18 de fevereiro de 2020Informação, independência e credibilidade
Alagoas

Mais fraude: PF cumpre 48 mandados em Maceió e Arapiraca

Operação envolve também a CGU e o MPF e investiga desvios de recursos na prestação de serviços de órteses, próteses e materiais especiais

Uma operação desencadeada hoje pela manhã, pela Polícia Federal (PF), em conjunto com a Controladoria Geral da União (CGU) e o Ministério Público Federal (MPF), cumpre, neste momento, nas cidades de Maceió e Arapiraca, 32 mandados de busca e apreensão e 16 mandados de prisão (sendo 9 de caráter preventivo e 7 temporárias). Um dos alvos da operação foi a Secretaria de Estado da Saúde.

Chegada da PF na sede da Sesau / Foto: Ascom PF

Denominada “Dama da Lâmpada”, a operação investiga fraudes, desvios de recursos e corrupção de agentes públicos na prestação de serviços de Órtese, Prótese e Materiais Especiais (OPME) no Estado de Alagoas.

De acordo com informação divulgada pela assessoria da Polícia Federal, há poucos instantes, as investigações foram iniciadas em maio e apontaram a movimentação de mais de R$ 30 milhões, nos últimos três anos, em benefício de uma entidade “sem fins lucrativos”, comandada por servidor público estadual, cujo nome ainda é mantido em sigilo.

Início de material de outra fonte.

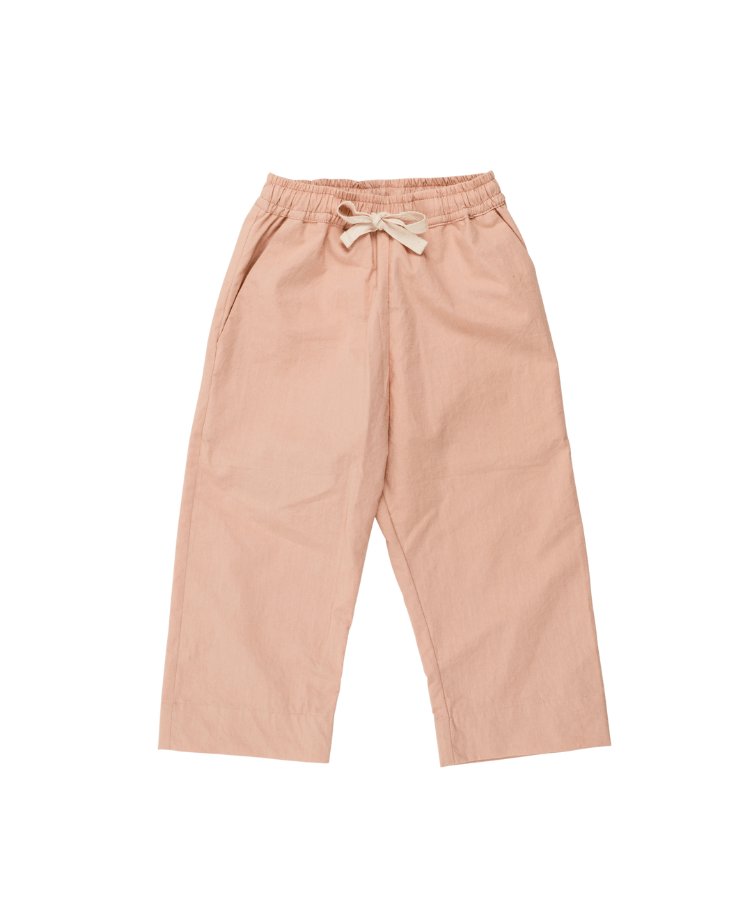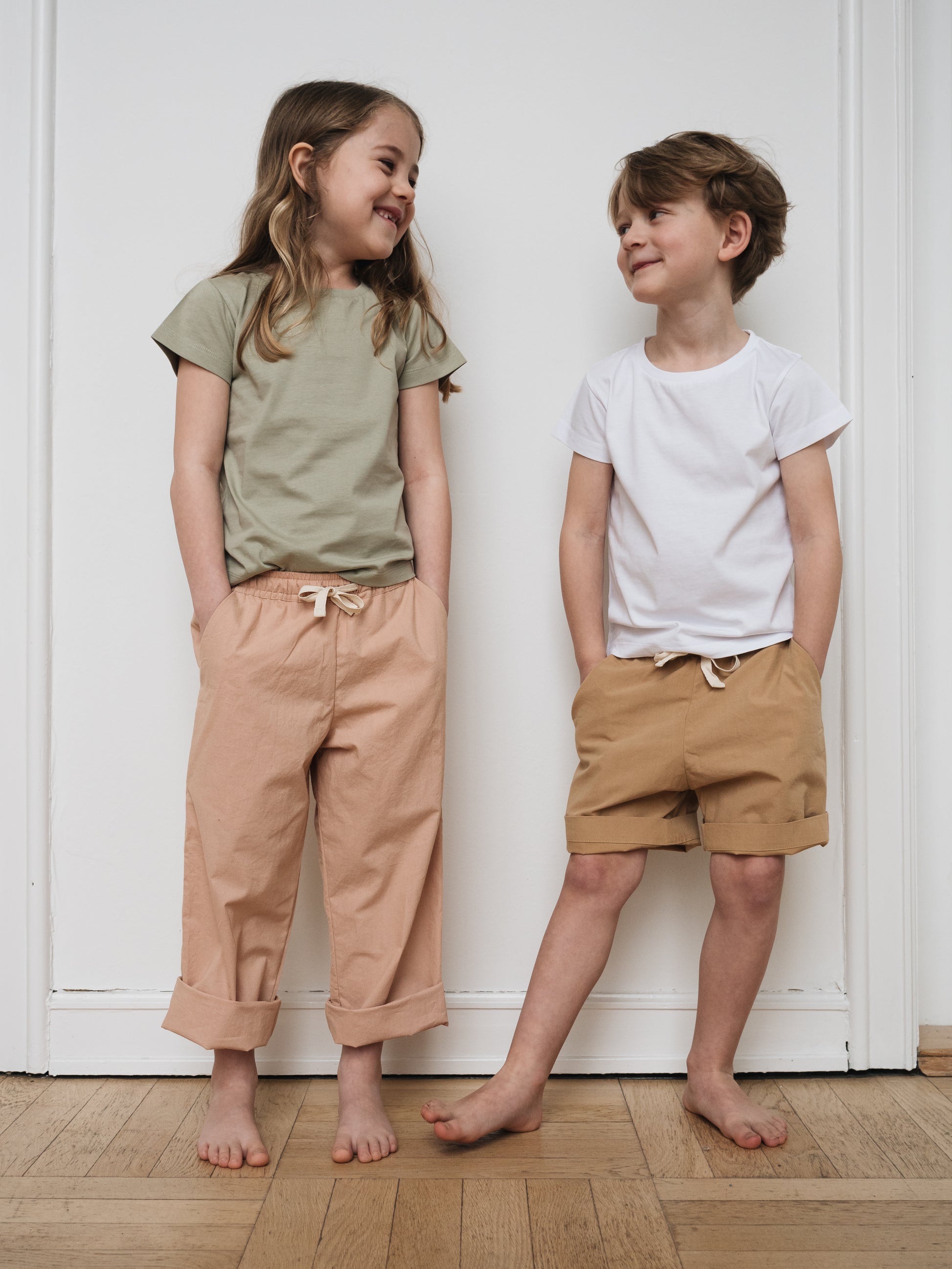 Pants for children in pre-washed GOTS certified organic cotton percale. Elastic waist with cotton drawstring and side pockets. Affordable luxury relaxed pants with an aesthetic look and colour palette. Incredible soft with a washing that gives a very beautiful, understated look and hand feel. French seams inside for a nicer and stronger finish.

Ainda segundo a PF, há indícios de monopolização dos serviços de OPME, na capital e região do agreste alagoano, com celebração de Termo de Colaboração direcionado à entidade, sem justificativa, pagamentos sem comprovação dos correspondentes serviços prestados, confusão patrimonial entre a entidade “sem fins lucrativos” e seus dirigentes, transferências injustificadas de recursos financeiros a servidores responsáveis pela avaliação e monitoramento dos serviços prestados constantes do Termo de Colaboração.

Ainda de acordo com o que foi informado à imprensa, pesquisas realizadas pela CGU demonstraram que os valores repassados à entidade investigada correspondem a mais de 1/3 do montante de recursos do Sistema Único de Saúde – SUS, aplicados no Estado de Alagoas, no exercício de 2018 em procedimentos órteses, próteses e materiais especiais.

A ação que visa desarticular organização criminosa que atua nesses serviços apura o cometimento dos crimes de Fraude à Licitação, Corrupção Ativa e Passiva, Peculato, Constituição de Organização Criminosa, Falsidade Ideológica, Prevaricação, Advocacia Administrativa e Lavagem de Dinheiro, cujas penas, somadas, podem variar entre 18 a 45 anos de cadeia, conforme o caso.

A Operação mobiliza 6 servidores da CGU, além de 100 policiais federais de 6 Estados brasileiros.